Annelli sneered. “Don’t speak to me of justice and hypocrisy. They say the Vigil is the mouthpiece of the gods. They say Raguel sees all, knows all, yet in his infinite wisdom he decided to keep the truth of my identity from you. The god of justice left you to rut about in the muck, piecing things together one block at a time while people died by my hand. Where was his justice then, hmm? Where was it when my parents were wrongly tried for dark magics and killed before my eyes?

“Are such impotent gods truly worth serving, I wonder?” Her smiled slipped and I could see crazy burning in her eyes like hot coals. “No, no they are not is the answer. The gods are hypocrites and liars, thieves and frauds. They speak of justice and righteousness, while refusing to use their power to see it done in the world. The Hexblight may be a demon, but at least it is honest. The gods, if they exist at all, are monsters just as surely as the men they crafted in their image.”

“What happened to you was cruel,” I said slowly. “It was wrong. What they did to you and your family… What they put you through… I can’t even imagine. But that doesn’t mean you have to—"

She sneered and jeered. “I know your mind, Vigil. ‘Poor little Annelli. She was made a slave. Sold to men of ill repute. Made to perform like a monkey. Boo hoo. My heart breaks for the child who was.’ This is the story in your heart, is it not?”

This was the human talking. This was Annelli’s true voice. Her parents had been murdered and she’d been taken to another town and endured who-knows-what indignities as a second-class immigrant child with no name and no family. This was my final opportunity to appeal to her humanity. To see if she’d give up her bloodlust, willingly part ways from the Hexblight, and let me take the beast alone to its grave.
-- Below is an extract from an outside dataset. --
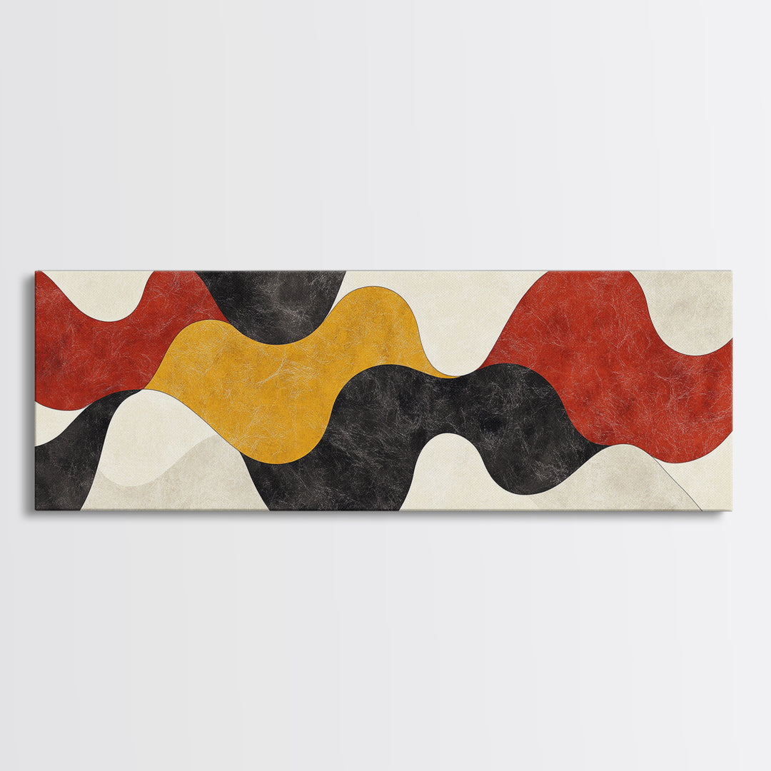 Neutral Abstract Geometric Shapes Pattern Print, Panoramic Wall Art, Extra Wide Minimalist MCM Home Decor

“I’ll give you one chance.” I meant it. I’d spare the woman for the sake of the cruelty that had been done to her. “But you have to renounce this pact, walk away from—"

She cut me off, unwilling or unable to connect to her former self. “Never,” she hissed. “You will not make a hypocrite out of me. I knew the price of my vengeance. The mask, it sought me out after those witless miners freed it from its prison. It sensed my pain. Knew I would burn the world to the ground to get what was owed. It promised me the power to do what both the law and the gods could not. I gave myself to it happily. I feasted well and often and have no regrets. Not even Minna. If she had to die to set right this wrong, so be it.”

The memory of the bath attendant—sliced and diced and scattered throughout the alleyway—danced before my eyes. That sealed the deal. She’d had her chance at redemption and, like so many hell bent on revenge, she’d thrown it to one side. Annelli was no simple country girl. No singer-songwriter with a sympathetic ax to grind. Her thirst for vengeance had made her a monster and I’d do well to keep that front and center in my mind.

She’d made her choice which meant I’d made mine.

“I will happily kill you too, Vigil, if you stand in my way.” She smacked her lips, loud enough that it echoed around the square. “They say you are what you eat. I wonder what will you taste of when I split you open from sternum to groin? Platitudes and sophomoric bleatings?”

“Chicken if I had to guess.” Another one for Cal, though there was going to be no chuckles until this battle was put to bed.

“I quite like you, Vigil. You seem different than the others. I would hate to end you, but I will do what I must to see my vengeance done. Which is why I will make you the same offer you made me. Walk away or perish.”

I raised my shotgun in reply.

“Then you will die.” The creature shrugged beefy shoulders, the spines lining its back bristling. “You failed to beat me the first time, and I was going easy on you. This time I will show no mercy.”

“Me either,” I growled. “Get ’em outta here!” I shouted down as the guards of Ironmoor finally fell into position, boxing us in. Gustav and Sigge had played their part; no need to keep them hog-tied a minute longer. “Alright, let’s you and me dance, fuck face.” I pulled the trigger and braced for the recoil. The shottie barked in my hand, spewing out a black slug powered by refined Fear Affinity. It was high time to give this creature something to be scared of.